Return an exact copy of the lines from the one holding "Тренируйтесь дома. Фитнес-женщина." to the end of the data, including both the starting and final lines. Leave the pictures out.

# # # # # # #

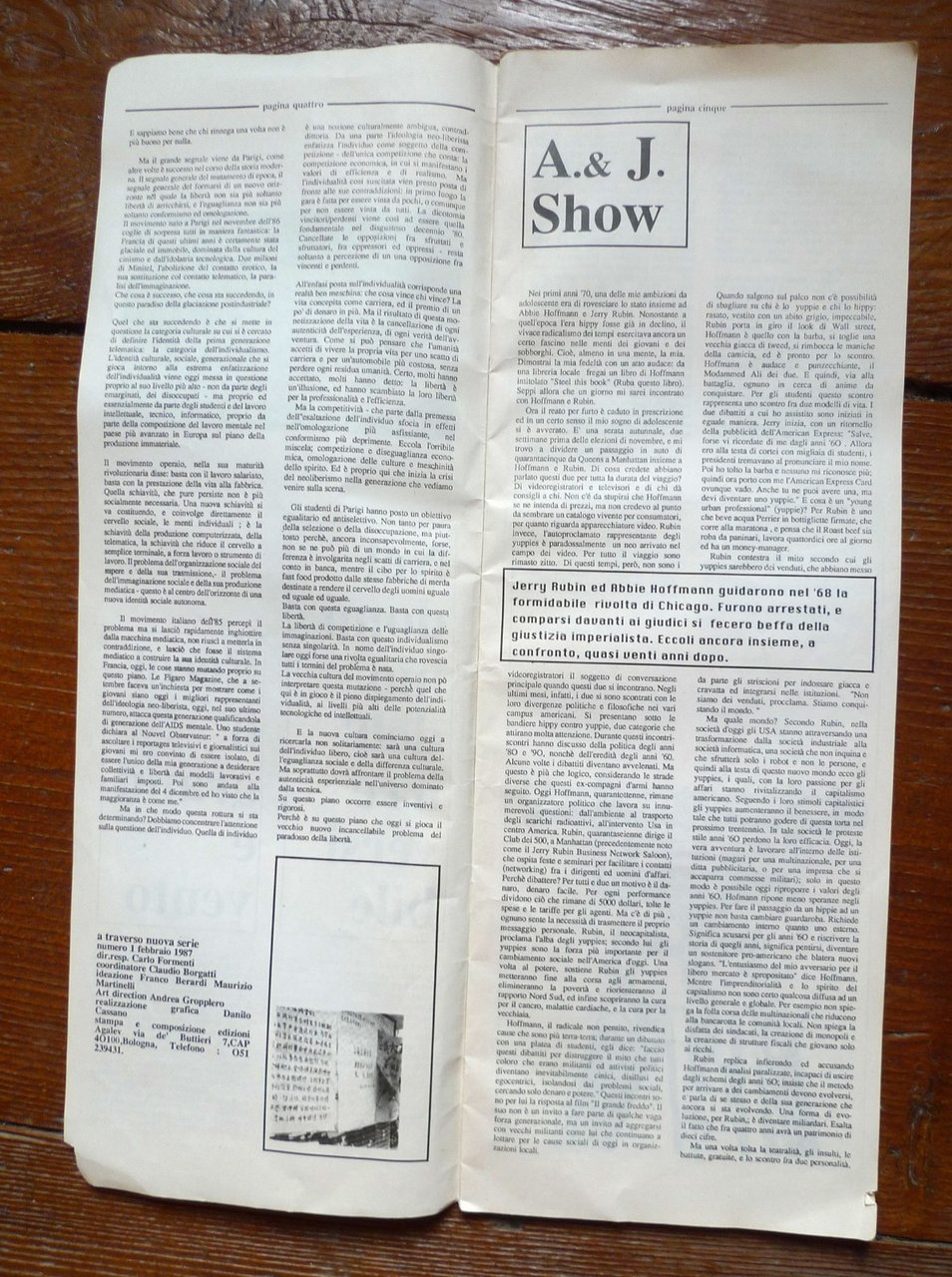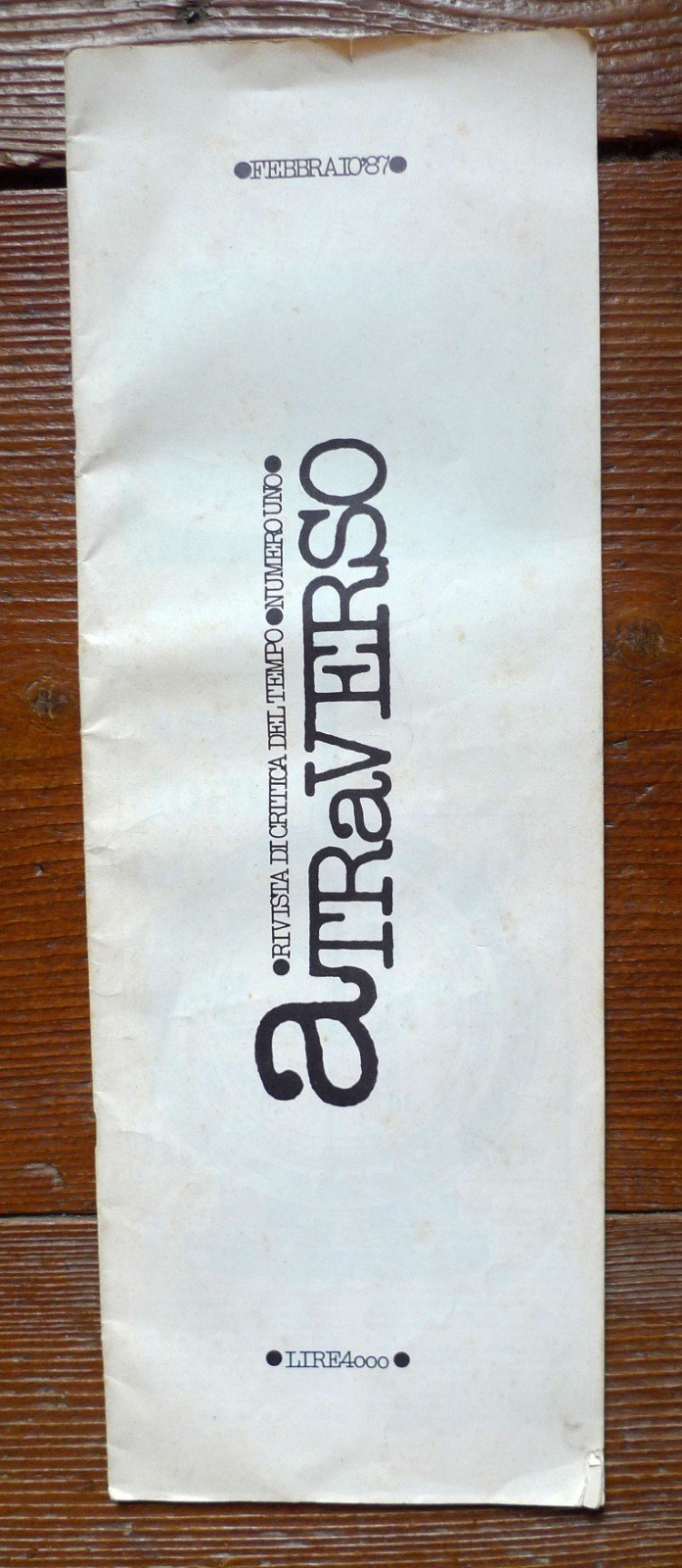 aTRAVERSO NUOVA SERIE Numero 1 Febbraio '87RIVISTA DI CRITICA DEL TEMPO.Direttore responsabile: Carlo Formenti.Coordinatore: Claudio Borgatti.Ideazione: Franco Berardi, Maurizio Martinelli.Stampa e composizione: Editrice Agalev, Bologna 1987,brossura, 45x16 cm., pp.35,illustrazioni in bianco e nero,peso: g.300cod.10205CONDIZIONI DELLA RIVISTA: buone,copertina leggermente ingiallita,macchie alla IV di copertina,strappetto alla copertina,piccola mancanza ad un angolo della copertinae della prima pagina,interno ottimo
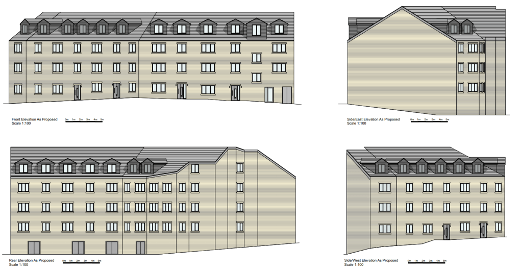 The attractive stone pub above will be lost to clear a site for 11 dwellings, the elevations for which can be seen below
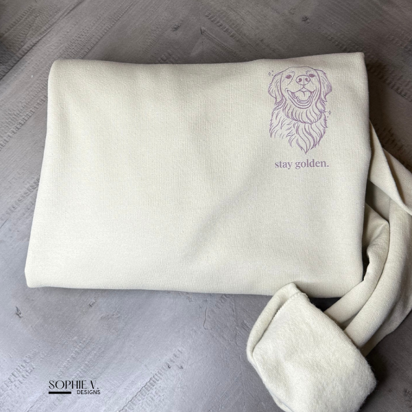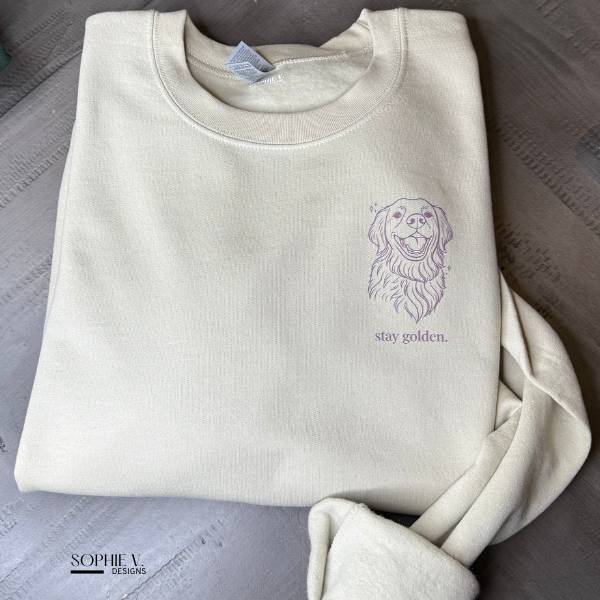 A cozy, everyday crewneck featuring a minimalist left-chest design of Carter James and the phrase “stay golden.” Printed in warm brown ink for a subtle, elevated look, this sand crewneck blends comfort, quality, and a neutral dog-mom aesthetic. A timeless staple you’ll reach for again and again.
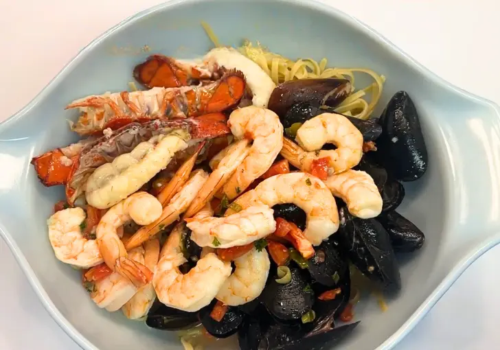 - Taste and adjust with additional salt, pepper, or white wine if needed. Serve immediately while hot, ensuring each portion contains pasta, shrimp, scallops, mussels, and lobster tail.
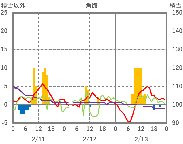 | 日 | 時 | 気温 | 降水 | 風向/風速 | 日照 | 積雪 | 降雪 |
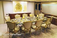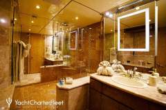 Stylish interiors with Ralph Lauren accents, Opulent main salon with Venetian-style dining set-up, Elegant sundeck with monochrome colour palette and spacious jacuzzi, Extra-wide passageways for accessibility, Shallow draft makes it easy to get even closer to the shore, On-board gym equipment, All the latest water toys and accessories ,
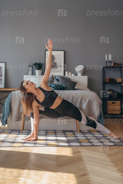 Тренируйтесь дома. Фитнес-женщина. Поза вытянутого бокового угла
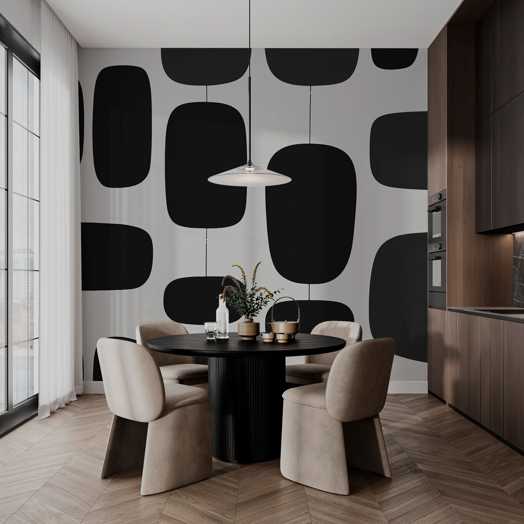 Trasformate il vostro spazio con questo splendido murale in bianco e nero: un vero e proprio pezzo forte! Il motivo giocoso di forme diverse aggiunge un tocco di modernità, perfetto per dare un tocco in più al vostro arredamento. Immaginate di entrare nella vostra stanza e di sentire immediatamente un cambiamento di atmosfera. È come se l’arte desse vita alle vostre pareti.
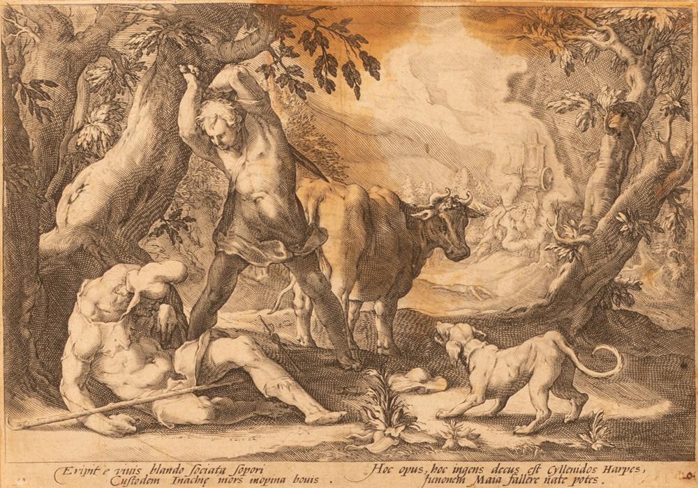 Una volta che Argo si è addormentato, Mercurio, dio di Cillene, come riferiscono Ovidio e Estius, smette di parlare e sfiora con la verga gli occhi di Argo. Goltzius non rappresenta questo momento, bensì il successivo, più violento, assassinio del pastore, decapitato con la spada ricurva del dio. Io è presente nella scena, anche se di spalle come fosse pronta all’imminente fuga, ma non pare avere un ruolo dominante, nonostante si percepisca lo sconcerto della giovenca, consapevole di essere la causa della morte di Argo.
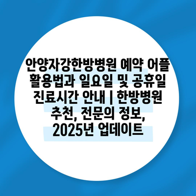 안양자강한방병원 예약 어플 활용법과 일요일 및 공휴일 진료시간 공지 | 한방병원 추천, 전연락 정보, 2025년 업데이트에 대한 내용을 소개합니다.
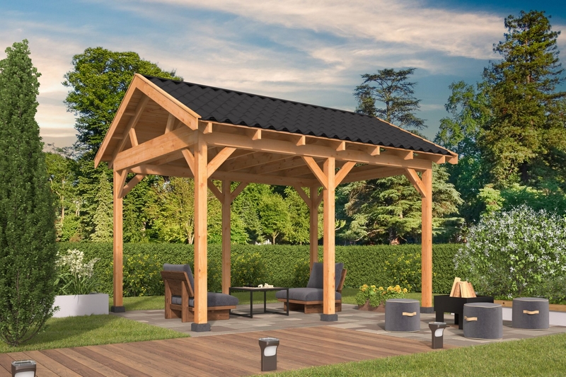 De tuinoverkapping met zadeldak Hamar is een modulair zelfbouw systeem waarbij je zelf kiest hoe jouw overkapping eruit zal zien.

# # # # # # #

■ Solution to the problem
 Тренируйтесь дома. Фитнес-женщина. Поза вытянутого бокового угла
 Trasformate il vostro spazio con questo splendido murale in bianco e nero: un vero e proprio pezzo forte! Il motivo giocoso di forme diverse aggiunge un tocco di modernità, perfetto per dare un tocco in più al vostro arredamento. Immaginate di entrare nella vostra stanza e di sentire immediatamente un cambiamento di atmosfera. È come se l’arte desse vita alle vostre pareti.
 Una volta che Argo si è addormentato, Mercurio, dio di Cillene, come riferiscono Ovidio e Estius, smette di parlare e sfiora con la verga gli occhi di Argo. Goltzius non rappresenta questo momento, bensì il successivo, più violento, assassinio del pastore, decapitato con la spada ricurva del dio. Io è presente nella scena, anche se di spalle come fosse pronta all’imminente fuga, ma non pare avere un ruolo dominante, nonostante si percepisca lo sconcerto della giovenca, consapevole di essere la causa della morte di Argo.
 안양자강한방병원 예약 어플 활용법과 일요일 및 공휴일 진료시간 공지 | 한방병원 추천, 전연락 정보, 2025년 업데이트에 대한 내용을 소개합니다.
 De tuinoverkapping met zadeldak Hamar is een modulair zelfbouw systeem waarbij je zelf kiest hoe jouw overkapping eruit zal zien.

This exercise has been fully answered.